# Unsere Teichfische und deren Verhalten allgemein .. geben Fragen auf . Rundumfragen .



## Nordfriesen (6. Juli 2010)

Zuerst würden wir gern wissen ob eine gewisse Strömung den Fischen guttut bezw. allen Fischen gefällt .
Wärend die Sarasa Goldfische mit voller Begeisterung voll in die Strömung brettern und auch die Orfen es so mögen , zeigen die einfachen Goldfische nicht unbedingt große Begeisterung und halten sich mehr im ruhigen Bereich des Teiches auf. 
Ist Strömung ratsam , wichtig , unwichtig , egal , oder gar schlecht für Fische und Pflanzen bezw.
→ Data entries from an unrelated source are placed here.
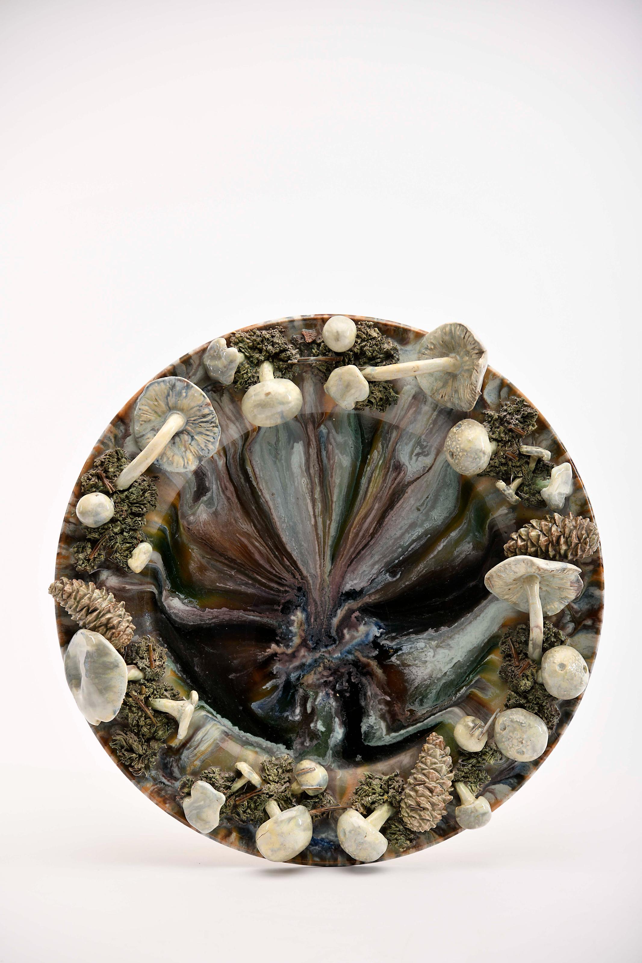 Prato decorativo de suspensão - Cogumelos, pinhas e musgo faiança das Caldas decoração relevada e policromada sobre fundo «escorrido» em tons de azul e castanho, aba sobre fundo musgoso faltas nas ramagens, castigo com grandes esbeiçadelas, outras pequenas faltas modelo de Rafael Bordallo Pinheiro (1884-1905), marca da Fábrica de Faianças das Caldas da Rainha (1884-1908) sob direcção artística de Rafael Bordallo Pinheiro (1884-1905), datado de 1887 Dimensões (altura x comprimento x largura) - 41,5 cm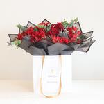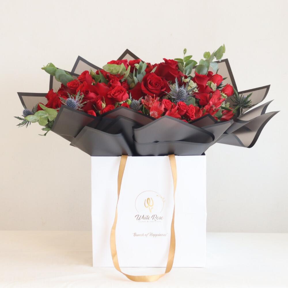 Букет со смесью красных роз, кустовых роз, альстромерий и других наполнителей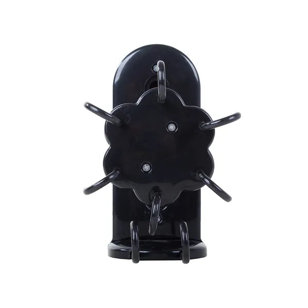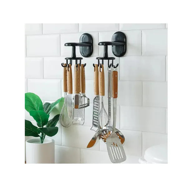 A 360°-ban forgatható, 8 karos, öntapadós konyhai–fürdőszobai akasztó praktikus megoldás az állandóan kéznél lévő eszközök rendezett tárolására. Masszív műanyagból készült, fekete színével bármilyen modern enteriőrbe illik, használatával helyet és időt takaríthat meg.

Teich allgemein ?

Goldfische : wir haben 2 einfache Goldfische ...... der eine davon ist längere Zeit ziemlich FETT gewesen und nun innerhalb weniger Stunden ( 1 Tag vielleicht ) wieder recht schlank . Junge Fischis können wir nicht sehen .....haben die Orfen die vielleicht gefressen ? Dazu kommt das dieser __ Goldfisch seit längerem teilweise schwarz ist  (ich hab mal gelesen das es heilende Wunden sind ?!) und mit dem Kopf nach unten so im Teich rumsteht oder still am Grund ist ..... also weniger der hyperaktive Typ .  Ich hab mal gelesen das es heilende Wunden sind ?! 
Der 2. Goldfisch ist in ebenso kurzer Zeit nicht mehr Gold sondern eher Orange wie die Orfen und hat teilweise weisse Optik .... kein Pilz oder so .... er ist irgendwie ausgeblichen ?! 
Ist das Normal ?

Orfen : Sind alle Fit wie Turnschuh ....keine Fragen 

Sarasa Goldfische : auch davon haben wir 2 Stück ..... sind Männchen und Weibchen zu erkennen.
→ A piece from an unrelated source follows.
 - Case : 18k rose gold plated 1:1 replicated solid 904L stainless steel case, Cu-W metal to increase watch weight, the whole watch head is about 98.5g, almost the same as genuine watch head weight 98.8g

Wir haben etwas Rost in meinem Filter ....wirklich sehr wenig an meinem Edelstahlsieb ( 200my ) da es auf einem verzingten Gestell montiert ist das wenige kleine Roststellen hat .
Ein Problem ? Wenn ja wie groß ist das Problem .
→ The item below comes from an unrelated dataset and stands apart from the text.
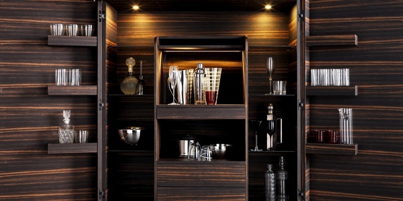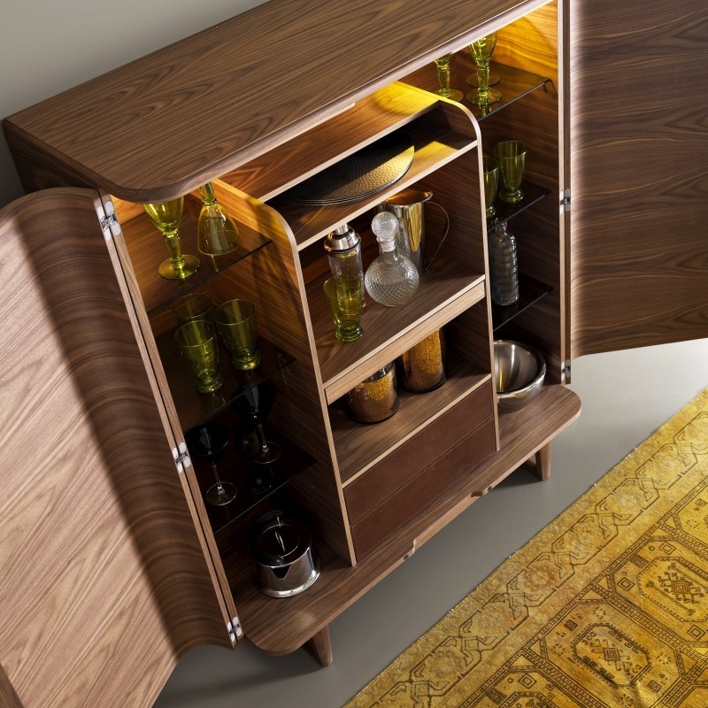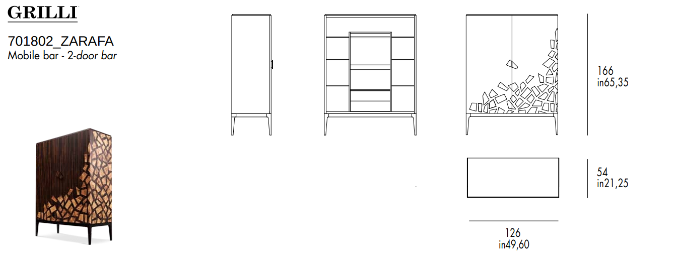 2-дверный барный шкаф, структура в сущности с декором zarafa. Интерьер оснащен бронзовыми стеклянными полками, выдвижными ящиками из кожи и освещением с прожекторами с автоматическим освещением

Über Infos würde ich mich freuen .
Ach nochwas : was können wir tun um den Fischen etwas reizvolles zu bieten ....also was mögen Sie gern .

Demnächst kommt eine kleine Brücke über den Teich um etwas mehr Schatten zu spenden .
Gruß


----------



## Echinopsis (18. Juli 2010)

*AW: Unsere Teichfische und deren Verhalten allgemein .. geben Fragen auf . Rundumfrag*

Hmmm, schwierige Frage.
Manche Fische mögen sicherlich eine leichte Strömung, bei allen glaube ich das aber nicht 
Ob die Orfen die Jungen Fische gefressen haben könnten kann man wohl nichtmehr sagen (Meine Hellseherkugel ist gerade kaputt  ), der dicke __ Goldfisch klingt aber ganz danach als hätte er Laich im Bauch gehabt...bist Du Dir sicher dass keine jungen Fische herrumschwimmen? Teilweiße recht schwer zu sehen!


----------



## Nordfriesen (19. Juli 2010)

*AW: Unsere Teichfische und deren Verhalten allgemein .. geben Fragen auf . Rundumfrag*

Ne ... kleine Fischis sind da nicht ! Hab genau nachgesehen .
Strömung ist nur auf einer Hälfte des Teiches ....dann wird es flach und die Strömung hört auf ...erst nach dieser Flachen Teichzone wird es wieder tief und es ist keine Strömung vorhanden . Die Fische können sich also aussuchen ob sie Strömung oder ruhiges Wasser wollen  Das machen Sie eigentlich auch ....somit hat sich meine Sorge wegen der Strömung erledigt .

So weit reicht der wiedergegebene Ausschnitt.